Authoritative experts explain: what laws does ant group delay listing?


Source: China is a through train
Author: Wang Enbo
On the evening of November 3, the highly concerned ant group’s listing process pressed the “pause button”. Authoritative experts close to the regulatory authorities pointed out to China news agency that the regulatory authorities decided to suspend the listing of ant group at this time. Although it was rare, it was completely in accordance with the law. The timely triggering of the post conference event system reflects the internal requirements of the benign operation of the registration system.
Looking at the newly revised Securities Law in 2019, we can find that it has made clear the relevant institutional arrangements for the registration system. Among them, Article 24 basically retains the original system, which stipulates that “if the securities regulatory authority under the State Council or the department authorized by the State Council finds that the decision of securities issuance registration that has been made does not meet the legal conditions or procedures, and has not yet issued securities, it shall be revoked , stop publishing. If it has been issued but not yet listed, the decision to cancel the issuance registration shall be made. ”
In order to implement the requirements of the securities law, it is necessary to discover and deal with the major events occurring before listing in time. For this reason, Article 26 of the measures for the registration and administration of initial public offering of stocks on the science and technology innovation board (for Trial Implementation) stipulates the reporting obligations of the issuer and the sponsor to the exchange and the timely handling responsibilities of the exchange in case of major events after the CSRC makes the registration decision and before the listing and trading of the issuer’s shares; Article 27 stipulates the handling measures that the CSRC can take.
At the same time, the rules on the examination and approval of the stock issuance and listing on the science and Technology Innovation Board of Shanghai Stock Exchange further clarify the responsibilities of the exchange in handling major matters before listing.
First, before the listing and trading of stocks, the issuer and its sponsor shall timely report to the exchange and update the application documents for issuance and listing as required; the sponsor and securities service institution of the issuer shall continue to perform their due diligence duties and submit special verification opinions to the exchange.

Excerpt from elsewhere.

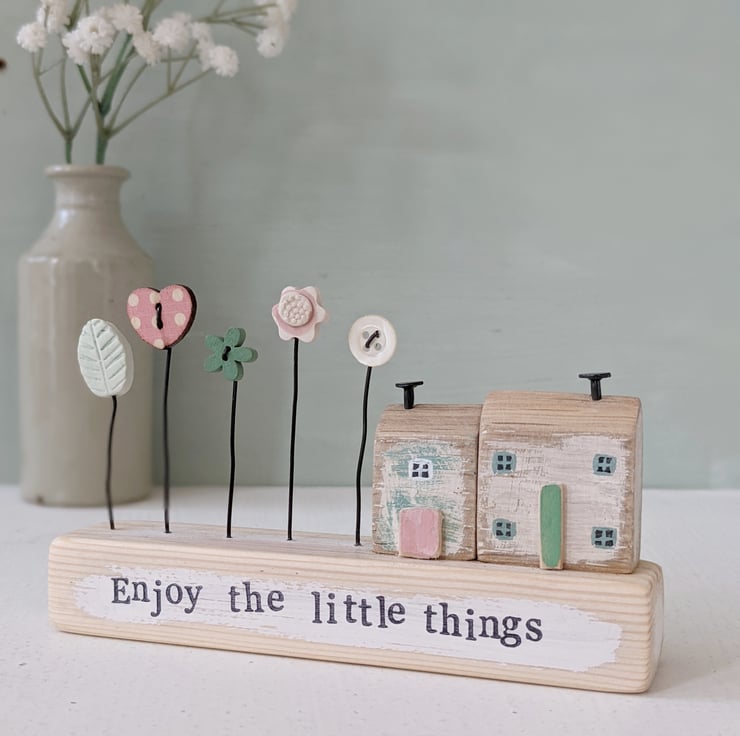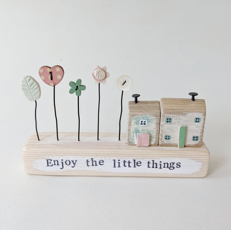 Hand stamped on the front are the words 'Enjoy the little things'.

Second, after deliberation by the listing committee and before the listing and trading of stocks, if major events occur, which have a significant impact on whether the issuer meets the issuance conditions, listing conditions or information disclosure requirements, the examination and approval institution for issuance and listing of the exchange shall decide whether to re submit it to the Municipal Committee for deliberation after re examination; if it is re submitted to the Municipal Committee for deliberation, it shall report to the CSRC.
Third, after the CSRC makes the registration decision and before the listing and trading of the shares, if there are major events that may cause the issuer to fail to meet the issuance conditions, listing conditions or information disclosure requirements, the issuer shall suspend the issuance; if it has already issued, the listing shall be suspended; if the exchange discovers that the issuer has the above-mentioned circumstances, it has the right to ask the issuer to suspend the listing.
It is not difficult to see that the above series of laws and regulations constitute a complete issuance supervision chain.
It should be noted that one of the core of the registration system is to enhance inclusiveness, but at the same time, it always emphasizes the use of market-oriented and legal means to strengthen supervision. Therefore, the chain of issuing supervision must be complete, and there should be no vacancy or weakening in any link, otherwise it is easy to have “barrel effect” and bring risks to the legitimate rights and interests of investors.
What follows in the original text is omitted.